= Data for processing =
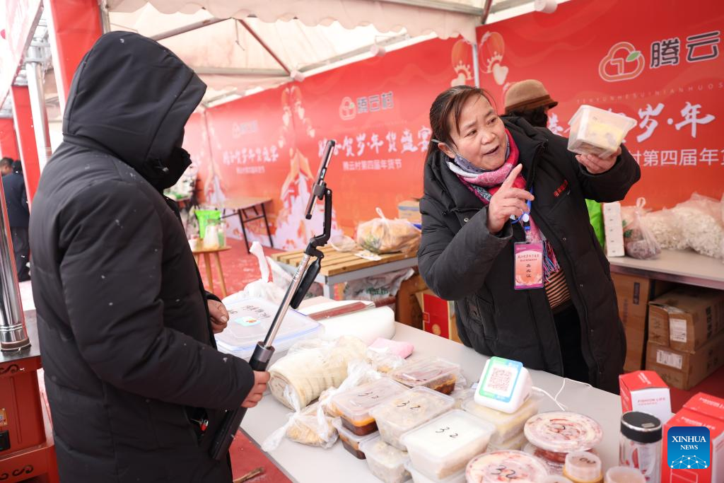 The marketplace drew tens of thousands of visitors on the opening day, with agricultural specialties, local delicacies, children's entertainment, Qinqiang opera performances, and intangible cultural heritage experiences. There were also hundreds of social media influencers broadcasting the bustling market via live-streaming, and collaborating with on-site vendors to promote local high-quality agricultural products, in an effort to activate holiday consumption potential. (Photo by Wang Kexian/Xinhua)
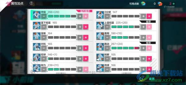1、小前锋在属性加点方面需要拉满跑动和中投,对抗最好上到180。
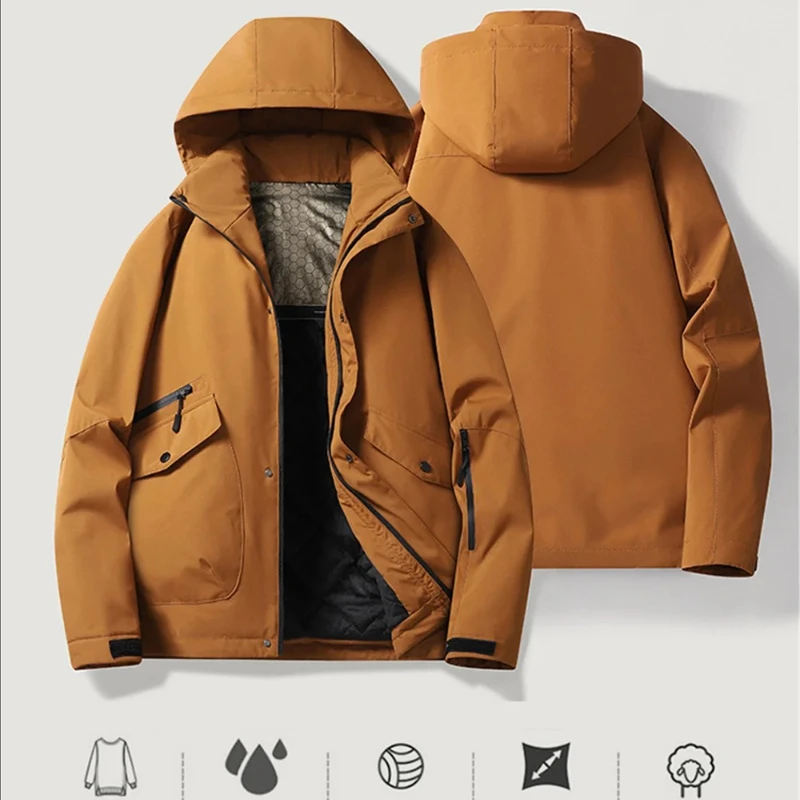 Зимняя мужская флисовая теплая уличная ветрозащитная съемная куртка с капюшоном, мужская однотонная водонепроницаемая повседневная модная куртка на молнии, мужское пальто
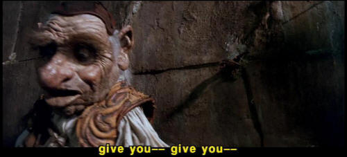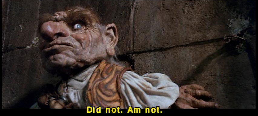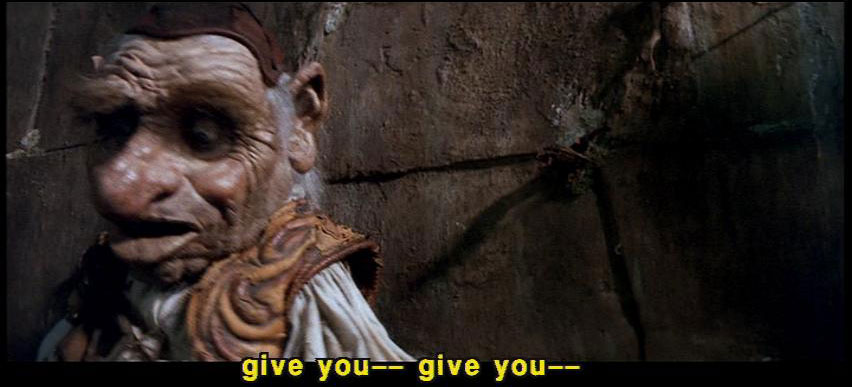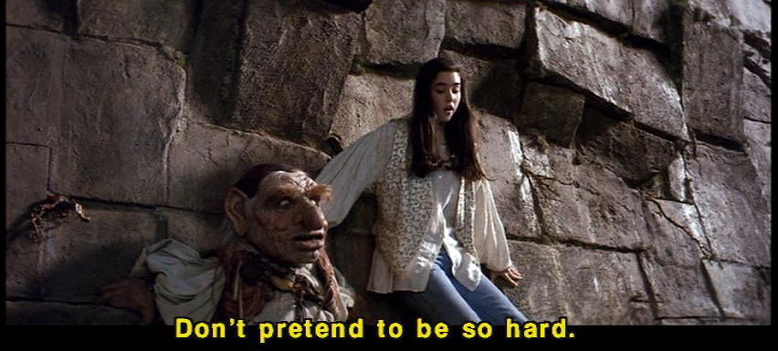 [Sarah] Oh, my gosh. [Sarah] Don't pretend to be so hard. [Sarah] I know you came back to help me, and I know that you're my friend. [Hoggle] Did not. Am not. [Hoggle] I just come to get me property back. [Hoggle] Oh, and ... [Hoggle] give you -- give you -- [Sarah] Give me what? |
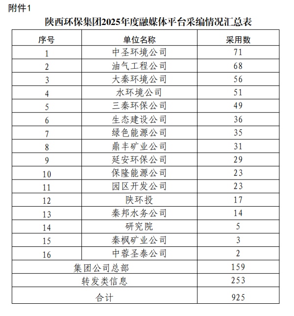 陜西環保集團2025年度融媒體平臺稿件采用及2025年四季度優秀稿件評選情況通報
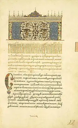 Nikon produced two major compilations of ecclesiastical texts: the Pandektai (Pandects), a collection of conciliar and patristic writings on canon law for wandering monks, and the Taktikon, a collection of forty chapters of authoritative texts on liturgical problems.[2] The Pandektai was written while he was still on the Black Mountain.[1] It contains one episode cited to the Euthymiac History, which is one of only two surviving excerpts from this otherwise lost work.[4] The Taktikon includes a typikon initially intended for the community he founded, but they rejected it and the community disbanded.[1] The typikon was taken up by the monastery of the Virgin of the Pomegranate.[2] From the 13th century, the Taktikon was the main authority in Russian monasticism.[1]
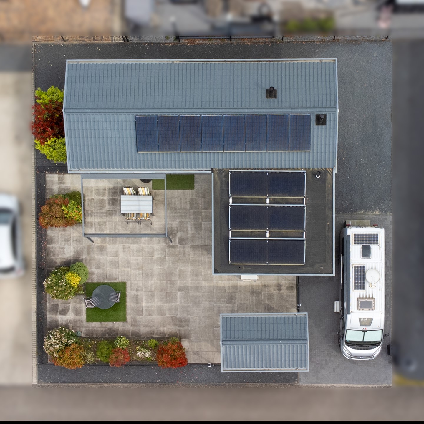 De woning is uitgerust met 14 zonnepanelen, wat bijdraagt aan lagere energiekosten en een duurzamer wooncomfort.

= What the task asks =
Reprint the listing above exactly, without images.

= Exercise response =
 The marketplace drew tens of thousands of visitors on the opening day, with agricultural specialties, local delicacies, children's entertainment, Qinqiang opera performances, and intangible cultural heritage experiences. There were also hundreds of social media influencers broadcasting the bustling market via live-streaming, and collaborating with on-site vendors to promote local high-quality agricultural products, in an effort to activate holiday consumption potential. (Photo by Wang Kexian/Xinhua)
1、小前锋在属性加点方面需要拉满跑动和中投,对抗最好上到180。
 Зимняя мужская флисовая теплая уличная ветрозащитная съемная куртка с капюшоном, мужская однотонная водонепроницаемая повседневная модная куртка на молнии, мужское пальто
 [Sarah] Oh, my gosh. [Sarah] Don't pretend to be so hard. [Sarah] I know you came back to help me, and I know that you're my friend. [Hoggle] Did not. Am not. [Hoggle] I just come to get me property back. [Hoggle] Oh, and ... [Hoggle] give you -- give you -- [Sarah] Give me what? |
 陜西環保集團2025年度融媒體平臺稿件采用及2025年四季度優秀稿件評選情況通報
 Nikon produced two major compilations of ecclesiastical texts: the Pandektai (Pandects), a collection of conciliar and patristic writings on canon law for wandering monks, and the Taktikon, a collection of forty chapters of authoritative texts on liturgical problems.[2] The Pandektai was written while he was still on the Black Mountain.[1] It contains one episode cited to the Euthymiac History, which is one of only two surviving excerpts from this otherwise lost work.[4] The Taktikon includes a typikon initially intended for the community he founded, but they rejected it and the community disbanded.[1] The typikon was taken up by the monastery of the Virgin of the Pomegranate.[2] From the 13th century, the Taktikon was the main authority in Russian monasticism.[1]
 De woning is uitgerust met 14 zonnepanelen, wat bijdraagt aan lagere energiekosten en een duurzamer wooncomfort.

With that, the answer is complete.